━━━ Records for this task

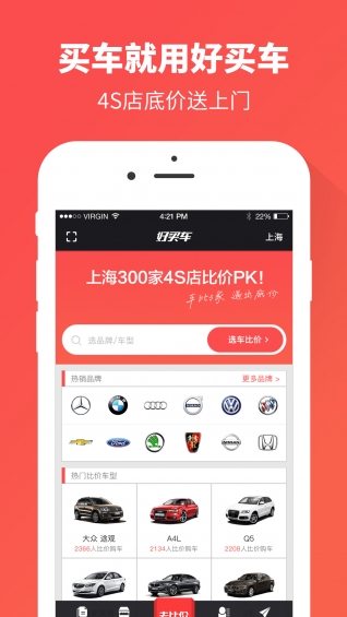 好买车是:4S店上门购车服务第一家!目前好买车整合上海300多家优质4S店,选车、比价、上门服务一站搞定!平台专业购车顾问帮你轻松拿底价。
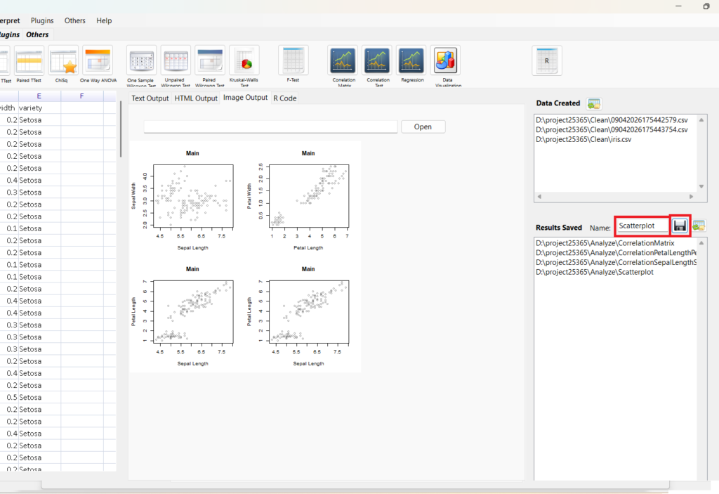 Save results. Name: CorrelationSepalLengthSepalWidth.
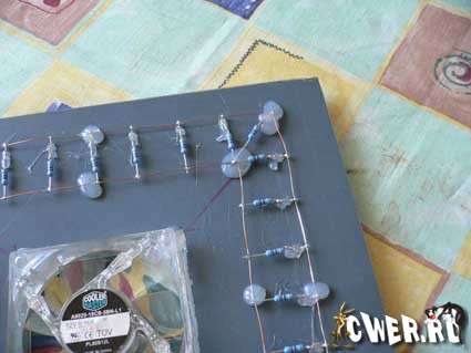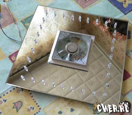 На этой фотографии изображено зеркало с установленными светодиодами и привинченным куллером.
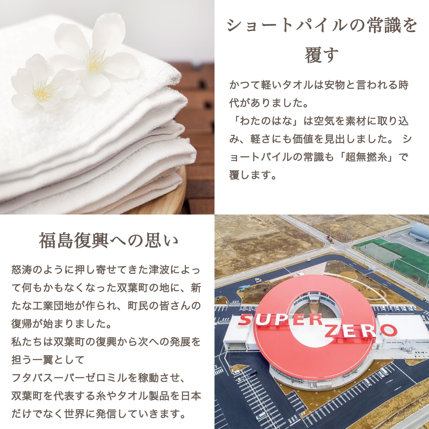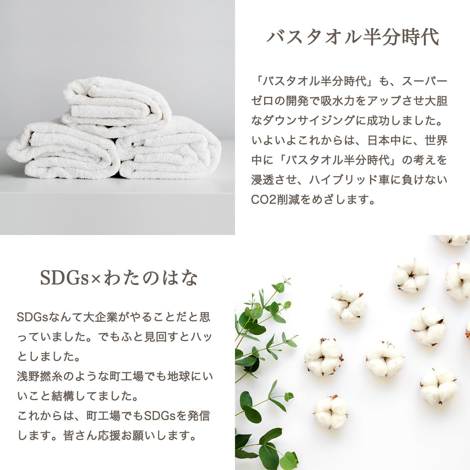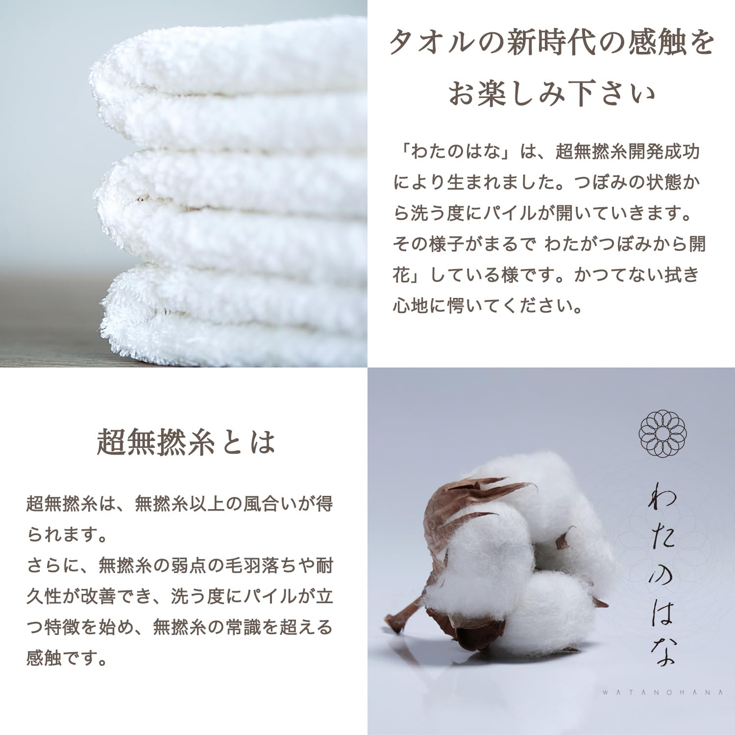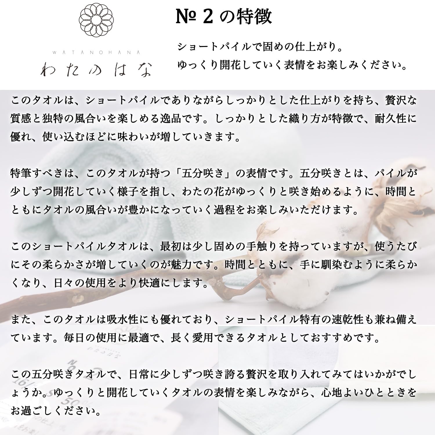 【「五分咲き」の優しい表情】パイルが少しずつ開花するような、心温まるタオルの変化。わたの花がゆっくりと咲き始めるように、時とともに優しく豊かな風合いに。
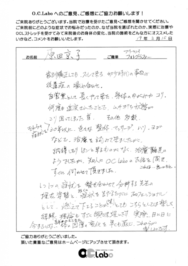 それらの症状を30年以上、色々な整体・マッサージ・鍼・ヨガなどで治療を試みて来ましたが、納得したりピンとくるものがなく、治療難民のようでしたが、知人にO.C.Laboのお話を聞きこれは良いかもとすぐに伺わせて頂きました。
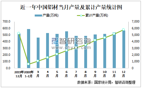 近一年中国铝材当月产量及累计产量统计图

━━━━━━

:: What the exercise asks ::
What is needed is the data above, retyped exactly, with every picture left out.

:: Final answer ::
 好买车是:4S店上门购车服务第一家!目前好买车整合上海300多家优质4S店,选车、比价、上门服务一站搞定!平台专业购车顾问帮你轻松拿底价。
 Save results. Name: CorrelationSepalLengthSepalWidth.
 На этой фотографии изображено зеркало с установленными светодиодами и привинченным куллером.
 【「五分咲き」の優しい表情】パイルが少しずつ開花するような、心温まるタオルの変化。わたの花がゆっくりと咲き始めるように、時とともに優しく豊かな風合いに。
 それらの症状を30年以上、色々な整体・マッサージ・鍼・ヨガなどで治療を試みて来ましたが、納得したりピンとくるものがなく、治療難民のようでしたが、知人にO.C.Laboのお話を聞きこれは良いかもとすぐに伺わせて頂きました。
 近一年中国铝材当月产量及累计产量统计图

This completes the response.